How much does a flat tire 'cost' you in the middle of a blizzard at 2 AM?


----------



## LoneCowboy (Jan 2, 2007)

but how likely is a flat tire in the middle of a blizzard? Esp if you treat your tires with "goo". (which I've had very good luck with)

I'm not saying tracked SS's aren't cool tools, they are, in the right place, because they do cost more money to buy and they cost more money to run over time. If you need one, get one, but it's my belief that many times people buy them when they don't need them and their costs go up but not what they are able to charge.
I saw it this weekend, doing measurements for a job, the neighbor is putting in a driveway for their new detached garage. It's almost dead flat. And what tool is the contractor using? A tracked skid steer.  

Wrong tool for the job, and more expensive for the contractor to boot.
that's all I'm saying.

But if that driveway had serious slope, or they were building up teh sides or it was all muddy, yeah, the tracked SS might have been the right tool.


----------



## RipT (Dec 6, 2004)

While not the answer to "which is better" or addressing many of the other issues of tracks vs tires on ice, there is a new product out that may be of interest.

TrakBites sold by www.SkidSteerSolutions.com . Look at the upper right of their Products page.

These are clamp-on track cleats in 12 and 18" listed for Bobcat tracks, but may fit others. Check out the snow and mud videos.....pretty impressive. Run about $1700 for a set. Probably not for paved surfaces if you are concerned about scratching, but for steep icy conditions they may be a solution for some folks.


----------



## T-MAN (Jan 9, 2001)

LoneCowboy;399933 said:


> I saw it this weekend, doing measurements for a job, the neighbor is putting in a driveway for their new detached garage. It's almost dead flat. And what tool is the contractor using? A tracked skid steer.
> 
> Wrong tool for the job, and more expensive for the contractor to boot.
> that's all I'm saying.


Pardon my ignorance but why is that the wrong machine for the job ? A tracked machine can work in most conditions, wouldnt that make you money ?
I allways thought tracked machine were more stable, dig/cut more effieciently and you can finsh grade alot quicker with out bouncing/hopping around. I have used both machines and for grading, hills or mud the track machines are the bomb.
All road crews here use tracked machines for cutting road beds why would a smaller scale be any different ? Usually rubber tired machines are used for cleanup and moving materials on pavement on road work. Maybe Im missing something.


----------



## LoneCowboy (Jan 2, 2007)

T-MAN;401035 said:


> Pardon my ignorance but why is that the wrong machine for the job ? A tracked machine can work in most conditions, wouldnt that make you money ?
> I allways thought tracked machine were more stable, dig/cut more effieciently and you can finsh grade alot quicker with out bouncing/hopping around. I have used both machines and for grading, hills or mud the track machines are the bomb.
> All road crews here use tracked machines for cutting road beds why would a smaller scale be any different ? Usually rubber tired machines are used for cleanup and moving materials on pavement on road work. Maybe Im missing something.

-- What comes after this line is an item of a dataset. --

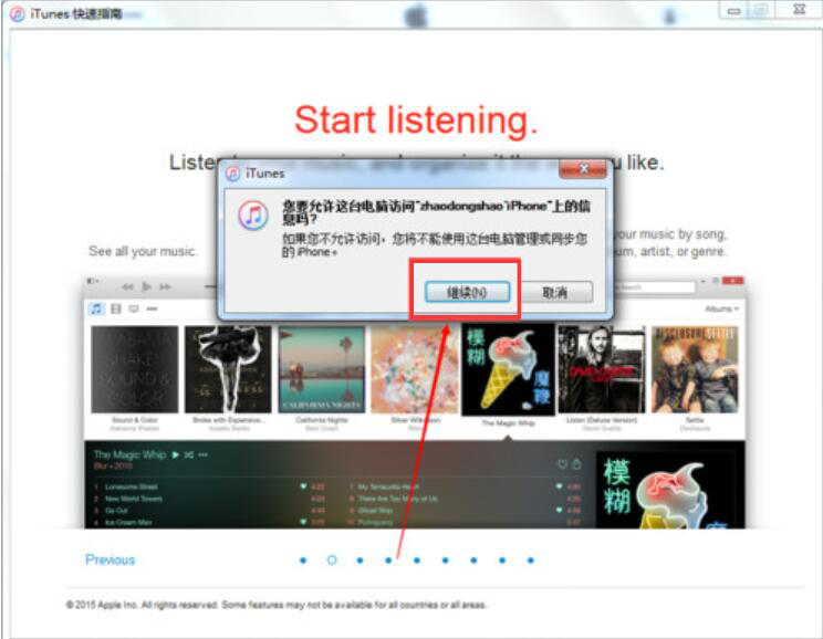 2、然后itunes便会弹出一个提醒的对话框,点击“继续”,这样,后续itunes同步歌曲到手机上的操作才能成功。

But this has no "bad" conditions, a wheeled tractor is much faster and much cheaper to run.


----------



## T-MAN (Jan 9, 2001)

LoneCowboy;401051 said:


> But this has no "bad" conditions, a wheeled tractor is much faster and much cheaper to run.


I guess Im still missing something here. How is it cheaper if a tracked machine is more efficient ? How is the wheeled machine faster ? Just like rubber tire machines the tracks have 2 speeds now. Still cant dig/load on high speed anyway. Imo the track machine # for # can out dig a wheeled machine any day of the week so how would a rubber tire machine be quicker/cheaper ?


----------



## LoneCowboy (Jan 2, 2007)

a wheeled machine is physically faster in a straight line
this was on flat, good ground and some pavement
picking up road base moving it about a 100' and spreading it.
so, for 10,000 more dollars plus 4 to 5x the hourly operating costs, he gets to do something that is slower than a wheeled machine.

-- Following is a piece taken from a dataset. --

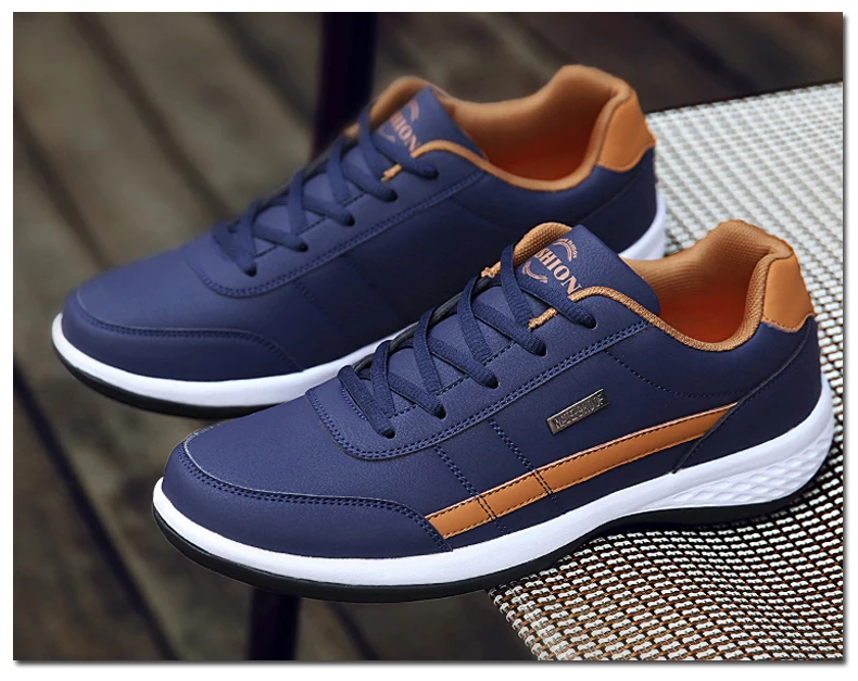 Кроссовки мужские из ПУ кожи, легкие кеды, плоская подошва, Повседн...

The machine, in this case, isn't more efficient, it's less or equal at best. But it costs much more to run. wheeled machines with a skilled operator can do things that a tracked machine with an unskilled operator can't.
I'd rather pay the operator more.


----------



## dirt digger (Feb 27, 2005)

tracked units are a little more expensive to fix/repair but at the same time they can out preform anything on wheels. Yea a skilled operator on a wheeled machine can do a lot of things but a skilled operator on a track machine can do more. I run a takeuchi TL130 and i am not afraid to take that thing anywhere, i much much prefer it over our case 1840, not just because of the strength but because i hate how wheeled units are so ass heavy, popping wheelies and having to back up steep slopes takes a lot of extra time. Just this weekend i was working a job where a guy with a newholland couldnt do half the work so i had to take my machine in there and bale him out. However when it comes to snow removal, in my opinion, wheeled units are the way to go. Our takeuchi is fine if you can scrape everything down the the pavement, but if you leave a little snow or ice under the tracks you can say goodbye to moving forward.


----------